Charles Lyell

Charles Lyell (1797 – 1875)

British

Sir Charles Lyell, 1st Baronet (14 November 1797 – 22 February 1875) was a British lawyer and the foremost geologist of his day.

He is best known as the author of Principles of Geology, which popularized James Hutton's concepts of uniformitarianism—the idea that the Earth was shaped by the same processes still in operation today.

Principles of Geology also challenged theories popularized by Georges Cuvier, which were the most accepted and circulated ideas about geology in England at the time.

His scientific contributions included an explanation of earthquakes, the theory of gradual "backed up-building" of volcanoes, and in stratigraphy the division of the Tertiary period into the Pliocene, Miocene, and Eocene.

Lyell was one of the first to believe that the world is older than 300 million years, on the basis of its geological anomalies.

He was a close friend of Charles Darwin, and contributed significantly to Darwin's thinking on the processes involved in evolution.

He helped to arrange the simultaneous publication in 1858 of papers by Darwin and Alfred Russel Wallace on natural selection, despite his personal religious qualms about the theory.

Lyell was born 14 November 1797 in Scotland about 15 miles north of Dundee in Kinnordy, near Kirriemuir in Forfarshire (now Angus).

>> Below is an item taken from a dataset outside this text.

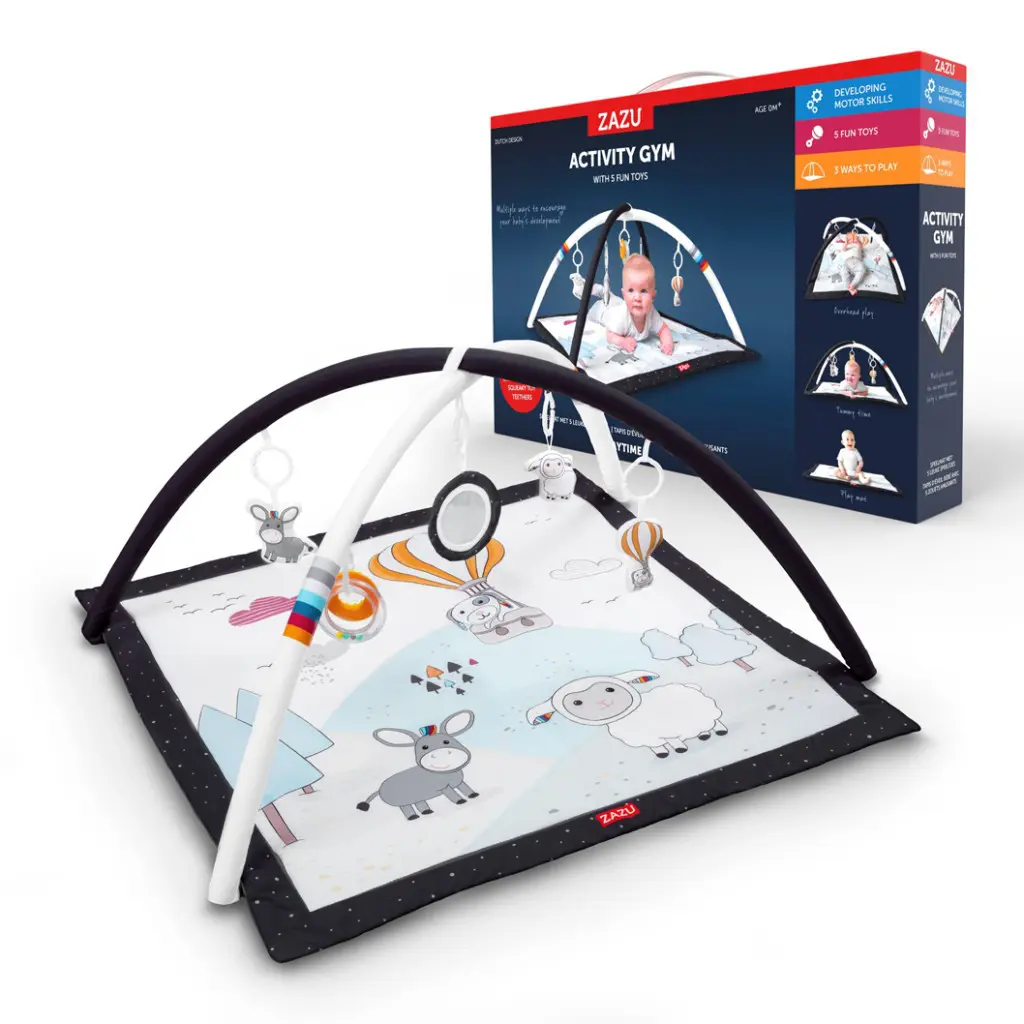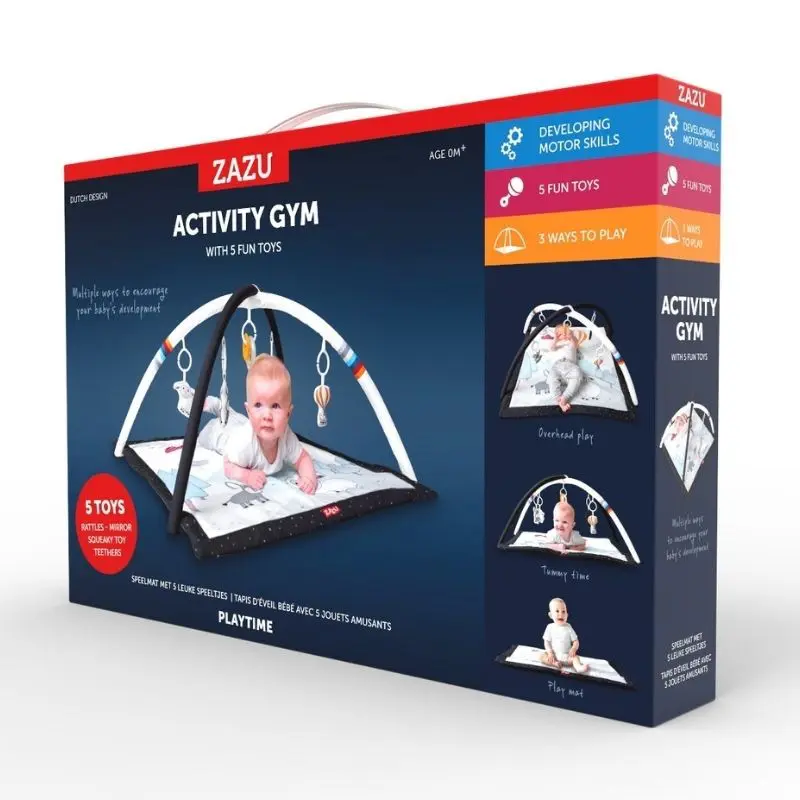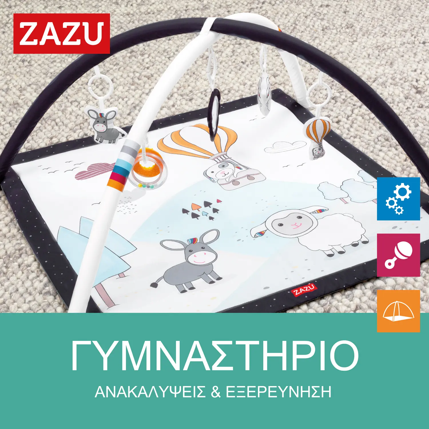 Το ZAZU Gym βοηθά το παιδί να ενδυναμώσει τους μυς του, να αναπτύξει συντονισμό ματιού-χεριού και να διεγείρει τις αισθήσεις του μέσα από διαφορετικές υφές, ήχους και κινήσεις.

He was the eldest of ten children.

Lyell's father, also named Charles Lyell, was a lawyer and botanist of minor repute: it was he who first exposed his son to the study of nature.

Lyell entered Exeter College, Oxford, in 1816, and attended William Buckland's lectures. He graduated BA second class in classics, December 1819, and M.A. 1821.

After graduation he took up law as a profession, entering Lincoln's Inn in 1820. He completed a circuit through rural England, where he could observe geological phenomena.

In 1823 he was elected joint secretary of the Geological Society. As his eyesight began to deteriorate, he turned to geology as a full-time profession.

His first paper, "On a recent formation of freshwater limestone in Forfarshire", was presented in 1822.

By 1827, he had abandoned law and embarked on a geological career that would result in fame and the general acceptance of uniformitarianism, a working out of the ideas proposed by James Hutton a few decades earlier.

In 1832, Lyell married Mary Horner in Bonn, daughter of Leonard Horner (1785–1864), also associated with the Geological Society of London.

During the 1840s, Lyell travelled to the United States and Canada, and wrote two popular travel-and-geology books: Travels in North America (1845) and A Second Visit to the United States (1849).

Lyell's wife died in 1873, and two years later (in 1875) Lyell himself died as he was revising the twelfth edition of Principles. He is buried in Westminster Abbey.

He came from a prosperous family, worked briefly as a lawyer in the 1820s, and held the post of Professor of Geology at King's College London in the 1830s.

Principles of Geology, Lyell's first book, was also his most famous, most influential, and most important.

He is best known, however, for his role in popularising the doctrine of uniformitarianism. He played a critical role in advancing the study of loess.

Lyell saw himself as "the spiritual saviour of geology, freeing the science from the old dispensation of Moses."